# How to gain muscle mass with Calisthenics



## LibertyPrime (Dec 17, 2010)

So you are fit, can do 50 pushups, squats, burpees, crunches, leg levers and so on, you have full body strength, endurance and speed, but you aren't gaining mass and you WANT mass. What should you do? How can you build muscle? Its not that hard and you don't need to pump iron either.

*The goal:* to overload the muscles and cause micro-tearing which results in hypertrophy 

*How to do it: *

*1. Low repetitions are key* - we need to overload the muscle, not tire it out. Most calisthenics exercises focus on endurance and speed, so the standard way of doing it won't yield results.

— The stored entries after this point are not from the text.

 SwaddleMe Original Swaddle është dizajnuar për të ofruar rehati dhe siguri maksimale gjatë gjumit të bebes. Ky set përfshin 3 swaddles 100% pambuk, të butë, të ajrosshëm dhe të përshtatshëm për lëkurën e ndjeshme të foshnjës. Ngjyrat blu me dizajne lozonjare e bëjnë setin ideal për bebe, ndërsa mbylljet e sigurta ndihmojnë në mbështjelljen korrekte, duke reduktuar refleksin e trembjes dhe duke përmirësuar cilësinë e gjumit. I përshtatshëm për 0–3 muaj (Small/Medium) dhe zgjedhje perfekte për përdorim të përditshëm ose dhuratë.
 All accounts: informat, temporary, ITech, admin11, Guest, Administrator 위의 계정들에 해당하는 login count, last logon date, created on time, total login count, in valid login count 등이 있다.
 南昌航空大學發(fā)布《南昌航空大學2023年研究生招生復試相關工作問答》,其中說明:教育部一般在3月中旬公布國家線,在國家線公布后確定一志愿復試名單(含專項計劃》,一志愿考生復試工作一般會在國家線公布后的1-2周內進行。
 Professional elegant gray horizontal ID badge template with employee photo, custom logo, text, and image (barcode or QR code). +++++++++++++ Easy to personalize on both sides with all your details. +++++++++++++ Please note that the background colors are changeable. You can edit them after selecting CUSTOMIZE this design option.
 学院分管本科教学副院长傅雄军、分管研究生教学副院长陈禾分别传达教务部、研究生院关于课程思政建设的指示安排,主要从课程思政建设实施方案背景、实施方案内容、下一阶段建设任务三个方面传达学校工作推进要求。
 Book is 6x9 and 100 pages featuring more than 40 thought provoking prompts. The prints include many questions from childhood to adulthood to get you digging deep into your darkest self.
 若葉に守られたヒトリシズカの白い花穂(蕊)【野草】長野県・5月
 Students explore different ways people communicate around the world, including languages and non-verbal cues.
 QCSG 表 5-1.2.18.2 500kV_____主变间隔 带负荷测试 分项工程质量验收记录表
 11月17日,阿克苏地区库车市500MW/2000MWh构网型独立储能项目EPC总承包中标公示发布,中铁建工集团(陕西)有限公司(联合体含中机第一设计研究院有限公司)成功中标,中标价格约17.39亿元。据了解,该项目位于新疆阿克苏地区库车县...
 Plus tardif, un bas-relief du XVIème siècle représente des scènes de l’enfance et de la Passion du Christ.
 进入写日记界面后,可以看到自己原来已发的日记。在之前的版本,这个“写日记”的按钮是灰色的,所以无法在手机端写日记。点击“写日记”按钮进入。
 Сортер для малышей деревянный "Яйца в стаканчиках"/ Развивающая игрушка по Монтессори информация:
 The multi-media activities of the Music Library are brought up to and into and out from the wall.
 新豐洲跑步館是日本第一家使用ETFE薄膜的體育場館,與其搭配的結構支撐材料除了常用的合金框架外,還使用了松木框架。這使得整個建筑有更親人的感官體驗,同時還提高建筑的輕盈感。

They way we can make low reps work is by *ANGULAR TRAINING* and *WEIGHT* *REDISTRIBUTION *. Simply load more weight on the muscle through either method. For pushups this would mean doing one arm pushups and loading your weight on one hand at a time or you can put your feet up on a chair or bed or something, which increases your angle and loads more weight on the right muscles. For squats, just do pistols etc..










*2. Do multiples sets* - since we require tearing to achieve hypertrophy, we need to do multiple sets of the same exercise, aprox. 6-8 sets to be exact. This will ensure hypertrophy.

*3.* *Split workout plans* - this means we HAVE TO do ONLY ONE or max TWO muscle groups per day. Why? Because muscles do not grow when they are constantly in heavy use. They need multiple day rest for hypertrophy to occur.

Splitting would look like this:

Monday: Chest/Back
Tuesday: Shoulders/Arms
Wednesday: Legs
Thursday: Chest/Back
Friday: Shoulders/Arms
Saturday: Legs

*4. Isolate your muscles* - this is what weight lifters do, if you want muscle mass, you need to focus on specific groups at a time for 35-45 minutes a day.

*5. Overload progressively* - this means you gradually do either more reps or more sets of the exercises once you manage to do them at full inclination and weight shift.


----------



## yet another intj (Feb 10, 2013)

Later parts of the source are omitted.